*** Opening of Extracted records ***
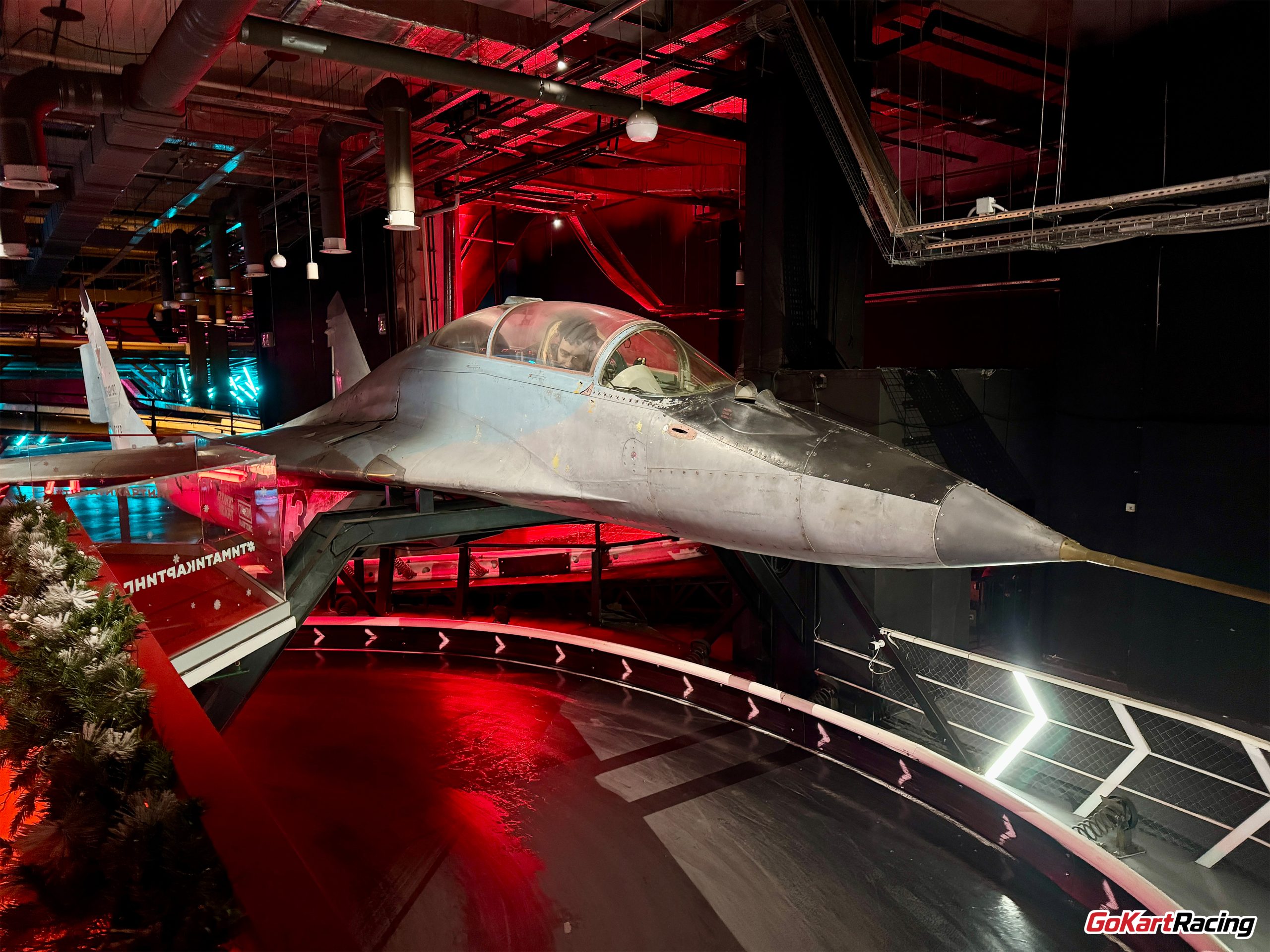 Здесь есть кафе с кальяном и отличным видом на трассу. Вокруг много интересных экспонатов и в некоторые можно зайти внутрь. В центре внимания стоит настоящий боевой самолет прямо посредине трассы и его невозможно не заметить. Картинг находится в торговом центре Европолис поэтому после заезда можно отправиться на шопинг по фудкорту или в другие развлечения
*** Close of Extracted records ***
*** Opening of Extracted records ***
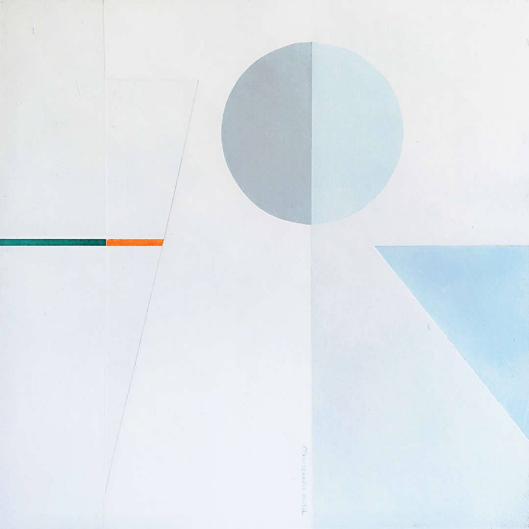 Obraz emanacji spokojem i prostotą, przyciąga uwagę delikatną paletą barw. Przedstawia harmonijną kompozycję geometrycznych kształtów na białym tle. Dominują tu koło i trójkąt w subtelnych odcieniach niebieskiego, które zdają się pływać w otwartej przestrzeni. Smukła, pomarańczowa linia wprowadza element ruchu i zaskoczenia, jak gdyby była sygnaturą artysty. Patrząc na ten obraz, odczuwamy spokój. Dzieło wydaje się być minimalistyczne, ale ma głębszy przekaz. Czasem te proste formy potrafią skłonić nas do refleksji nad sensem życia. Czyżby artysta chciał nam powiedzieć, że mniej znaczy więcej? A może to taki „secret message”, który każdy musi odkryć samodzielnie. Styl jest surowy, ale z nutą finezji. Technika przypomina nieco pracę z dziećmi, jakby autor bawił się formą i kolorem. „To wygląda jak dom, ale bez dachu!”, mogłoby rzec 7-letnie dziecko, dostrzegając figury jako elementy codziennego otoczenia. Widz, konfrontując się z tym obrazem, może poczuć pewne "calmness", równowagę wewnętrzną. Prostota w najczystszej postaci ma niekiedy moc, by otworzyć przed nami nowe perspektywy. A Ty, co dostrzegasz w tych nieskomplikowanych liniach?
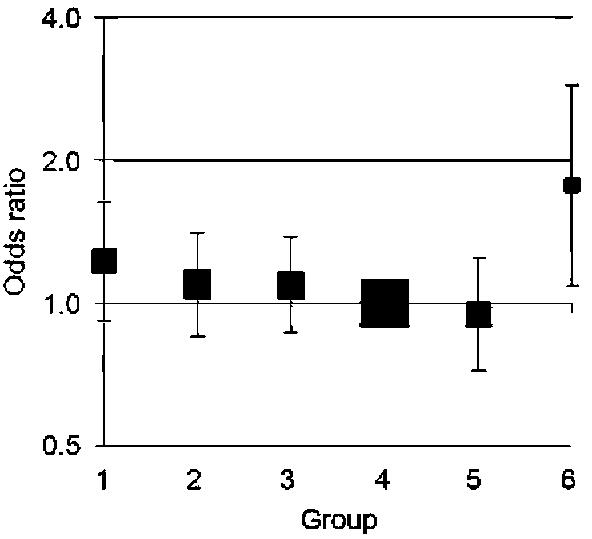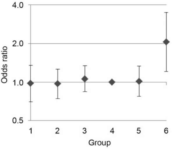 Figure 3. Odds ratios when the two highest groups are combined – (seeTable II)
*** Close of Extracted records ***
> Goal of the exercise
All lines above from the one containing "Obraz emanacji spokojem" up to and including the one containing "Figure 3. Odds" are to be set down exactly, and nothing else. Leave images out.

> Solution for this task
 Obraz emanacji spokojem i prostotą, przyciąga uwagę delikatną paletą barw. Przedstawia harmonijną kompozycję geometrycznych kształtów na białym tle. Dominują tu koło i trójkąt w subtelnych odcieniach niebieskiego, które zdają się pływać w otwartej przestrzeni. Smukła, pomarańczowa linia wprowadza element ruchu i zaskoczenia, jak gdyby była sygnaturą artysty. Patrząc na ten obraz, odczuwamy spokój. Dzieło wydaje się być minimalistyczne, ale ma głębszy przekaz. Czasem te proste formy potrafią skłonić nas do refleksji nad sensem życia. Czyżby artysta chciał nam powiedzieć, że mniej znaczy więcej? A może to taki „secret message”, który każdy musi odkryć samodzielnie. Styl jest surowy, ale z nutą finezji. Technika przypomina nieco pracę z dziećmi, jakby autor bawił się formą i kolorem. „To wygląda jak dom, ale bez dachu!”, mogłoby rzec 7-letnie dziecko, dostrzegając figury jako elementy codziennego otoczenia. Widz, konfrontując się z tym obrazem, może poczuć pewne "calmness", równowagę wewnętrzną. Prostota w najczystszej postaci ma niekiedy moc, by otworzyć przed nami nowe perspektywy. A Ty, co dostrzegasz w tych nieskomplikowanych liniach?
 Figure 3. Odds ratios when the two highest groups are combined – (seeTable II)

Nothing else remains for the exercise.